Chińscy giganci hotelowi ignorują Tajlandię – czy istnieje ryzyko kryzysu turystycznego?
Dwie duże sieci hotelowe rozwijają się w Azji Południowo-Wschodniej, gdy Tajlandia zmaga się ze spadkiem liczby chińskich turystów.

Chińscy giganci hotelowi ignorują Tajlandię – czy istnieje ryzyko kryzysu turystycznego?
W tajskiej branży turystycznej krąży wiele plotek: podczas gdy 31 października 2025 r. rozchodzą się wieści o otwarciu nowych hoteli w Azji Południowo-Wschodniej, Tajlandia pozostaje wykluczona z planów ekspansji głównych chińskich sieci hotelowych. Głośny LINIA Dzisiaj Grupy hotelowe Jin Jiang International i H World International mają wielkie plany otwarcia ponad 100 nowych lokalizacji w takich krajach jak Malezja, Wietnam i Kambodża. Ale Tajlandii nie ma na liście. Decyzja ta może jeszcze bardziej zagrozić i tak już kruchej ożywieniu turystyki w królestwie, szczególnie w przypadku chińskich turystów, którzy tradycyjnie stanowią ważną grupę gości.
Sytuacja nie staje się łatwiejsza: w 2025 r. Tajlandia odnotuje 5-procentowy spadek liczby przyjazdów międzynarodowych. Z tego wynika, że Świat podróży i wycieczek. Główną przyczyną tego spadku są chińscy turyści, których liczba według prognoz spadnie z ponad 11 mln odwiedzających w 2019 r. do mniej niż 5 mln w przyszłym roku. Na tę sytuację wpływają różne czynniki, w tym zmiany gospodarcze i rosnąca konkurencja ze strony krajów sąsiadujących.
Brak Tajlandii w planach ekspansji
Niepokojąca jest nieobecność Tajlandii w strategiach największych sieci hotelowych. Jin Jiang International, największa firma zarządzająca hotelami w Chinach, posiadająca ponad 13 500 hoteli, ostatnio – jak LINIA Dzisiaj poinformował – podpisał kontrakt, który przewiduje otwarcie 180 hoteli w kilku krajach do 2030 roku. Ji Hong, dyrektor ds. strategii H World, dał jasno do zrozumienia, że Azja Południowo-Wschodnia jest postrzegana jako ekscytujący rynek, ale nie przekłada się to na uwzględnienie Tajlandii w planach ekspansji.
W związku z planowanymi inwestycjami sieci hotelowe chcą mniej błyszczeć tajskimi lokalizacjami, a bardziej budżetem na luksusowe hotele w regionie. Szczególnie niepokojące jest to, że w 2024 r., kiedy to do krajów ASEAN przybędzie 20,4 mln chińskich turystów, do Tajlandii może przyjechać mniej chińskich turystów.
Aktualne wyzwania i możliwe rozwiązania
Pomimo tych wyzwań rząd Tajlandii zareagował jak zwykle i podjął działania mające na celu wsparcie branży. Obowiązująca dla turystyki opłata „Kha Yeap Pan Din” została przesunięta na połowę 2026 roku. Uruchomiono także program dotacji w wysokości 350 000 THB na lot czarterowy i zawarto nowe umowy z biurami podróży, aby sprowadzić do Tajlandii około 150 000 Chińczyków.
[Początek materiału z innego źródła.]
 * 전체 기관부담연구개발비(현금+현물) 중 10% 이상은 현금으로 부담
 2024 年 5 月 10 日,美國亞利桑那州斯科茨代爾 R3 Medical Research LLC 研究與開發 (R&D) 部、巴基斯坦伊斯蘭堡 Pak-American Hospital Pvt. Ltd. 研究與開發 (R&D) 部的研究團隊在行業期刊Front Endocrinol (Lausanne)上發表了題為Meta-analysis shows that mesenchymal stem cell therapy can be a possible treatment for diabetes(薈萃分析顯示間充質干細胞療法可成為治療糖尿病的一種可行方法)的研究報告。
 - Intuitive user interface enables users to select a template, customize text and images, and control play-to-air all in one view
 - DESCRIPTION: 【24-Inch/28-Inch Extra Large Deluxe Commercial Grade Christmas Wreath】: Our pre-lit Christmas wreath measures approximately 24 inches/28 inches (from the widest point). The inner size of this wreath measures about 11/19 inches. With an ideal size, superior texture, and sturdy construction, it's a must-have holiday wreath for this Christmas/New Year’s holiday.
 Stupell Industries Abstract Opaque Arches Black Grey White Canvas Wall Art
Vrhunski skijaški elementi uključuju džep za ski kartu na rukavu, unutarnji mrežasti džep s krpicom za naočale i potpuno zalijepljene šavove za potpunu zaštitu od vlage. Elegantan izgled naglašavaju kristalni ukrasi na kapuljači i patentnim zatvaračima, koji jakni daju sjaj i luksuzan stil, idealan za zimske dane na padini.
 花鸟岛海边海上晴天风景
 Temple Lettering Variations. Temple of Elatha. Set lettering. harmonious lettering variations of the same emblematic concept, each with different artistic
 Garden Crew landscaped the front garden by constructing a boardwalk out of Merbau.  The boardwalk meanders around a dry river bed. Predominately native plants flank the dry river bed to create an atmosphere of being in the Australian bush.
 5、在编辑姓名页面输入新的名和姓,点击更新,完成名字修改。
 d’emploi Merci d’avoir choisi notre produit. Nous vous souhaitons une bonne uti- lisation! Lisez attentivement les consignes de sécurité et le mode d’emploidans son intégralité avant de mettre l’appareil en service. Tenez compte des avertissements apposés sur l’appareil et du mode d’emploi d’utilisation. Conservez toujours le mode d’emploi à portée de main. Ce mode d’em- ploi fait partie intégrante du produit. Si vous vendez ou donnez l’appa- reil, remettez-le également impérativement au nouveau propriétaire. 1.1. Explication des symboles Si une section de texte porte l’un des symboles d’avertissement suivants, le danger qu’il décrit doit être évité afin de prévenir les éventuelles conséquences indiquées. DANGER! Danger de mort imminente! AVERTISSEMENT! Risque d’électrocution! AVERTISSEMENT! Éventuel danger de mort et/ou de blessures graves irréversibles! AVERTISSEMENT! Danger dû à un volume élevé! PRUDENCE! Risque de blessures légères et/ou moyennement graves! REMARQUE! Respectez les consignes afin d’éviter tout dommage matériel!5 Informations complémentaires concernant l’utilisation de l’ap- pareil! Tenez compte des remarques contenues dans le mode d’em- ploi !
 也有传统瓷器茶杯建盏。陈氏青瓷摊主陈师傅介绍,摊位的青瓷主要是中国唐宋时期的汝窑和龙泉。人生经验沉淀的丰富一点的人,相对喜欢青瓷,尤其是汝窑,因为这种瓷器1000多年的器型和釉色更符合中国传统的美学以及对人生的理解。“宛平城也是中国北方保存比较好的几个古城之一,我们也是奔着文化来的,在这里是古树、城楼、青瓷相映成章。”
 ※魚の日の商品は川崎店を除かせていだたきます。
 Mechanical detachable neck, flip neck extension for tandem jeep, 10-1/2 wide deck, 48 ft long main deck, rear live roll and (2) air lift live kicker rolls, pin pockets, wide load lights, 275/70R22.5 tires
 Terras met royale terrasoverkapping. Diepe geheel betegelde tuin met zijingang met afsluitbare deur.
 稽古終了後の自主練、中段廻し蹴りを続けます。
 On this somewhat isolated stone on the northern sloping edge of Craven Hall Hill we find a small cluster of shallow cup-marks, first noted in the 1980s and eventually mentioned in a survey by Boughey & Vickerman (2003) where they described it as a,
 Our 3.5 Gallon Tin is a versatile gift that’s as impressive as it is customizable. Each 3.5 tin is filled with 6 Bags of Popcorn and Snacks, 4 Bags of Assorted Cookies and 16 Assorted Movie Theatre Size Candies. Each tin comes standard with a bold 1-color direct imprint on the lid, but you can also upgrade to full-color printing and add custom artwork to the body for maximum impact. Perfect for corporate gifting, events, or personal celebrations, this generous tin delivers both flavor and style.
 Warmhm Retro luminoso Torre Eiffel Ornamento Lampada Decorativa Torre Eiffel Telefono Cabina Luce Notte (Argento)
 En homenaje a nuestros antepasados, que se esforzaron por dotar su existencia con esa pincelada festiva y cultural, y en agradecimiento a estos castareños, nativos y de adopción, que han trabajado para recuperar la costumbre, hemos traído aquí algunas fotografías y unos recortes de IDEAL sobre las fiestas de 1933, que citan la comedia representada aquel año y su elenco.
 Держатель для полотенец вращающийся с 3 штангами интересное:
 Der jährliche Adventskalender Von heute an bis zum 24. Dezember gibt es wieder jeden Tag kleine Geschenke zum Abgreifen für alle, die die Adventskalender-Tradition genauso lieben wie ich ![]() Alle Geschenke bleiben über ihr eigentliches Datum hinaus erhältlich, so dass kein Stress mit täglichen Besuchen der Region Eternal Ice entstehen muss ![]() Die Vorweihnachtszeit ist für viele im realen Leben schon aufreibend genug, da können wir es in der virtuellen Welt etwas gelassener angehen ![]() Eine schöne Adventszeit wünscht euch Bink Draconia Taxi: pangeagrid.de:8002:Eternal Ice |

Prognozy dają pewną nadzieję: eksperci są optymistami, że do końca 2026 r. liczba chińskich turystów może powrócić do 70–80% poziomu sprzed pandemii. Do tego czasu Tajlandia stoi przed wyzwaniem zwiększenia atrakcyjności dla innych rynków i ciągłego doskonalenia doświadczeń turystycznych.
W tym burzliwym czasie niezwykle ważne będzie utrzymanie pozytywnego wizerunku i przełamanie barier dla podróżujących. Czas pokaże, jak planowane zmiany, zarówno podejmowane przez sieci hotelowe, jak i działania rządu, wpłyną ostatecznie na turystykę tajską. Pewne jest jednak, że Tajlandia będzie musiała dołożyć wszelkich starań, aby nie pozostać w tyle za konkurującymi sąsiadami.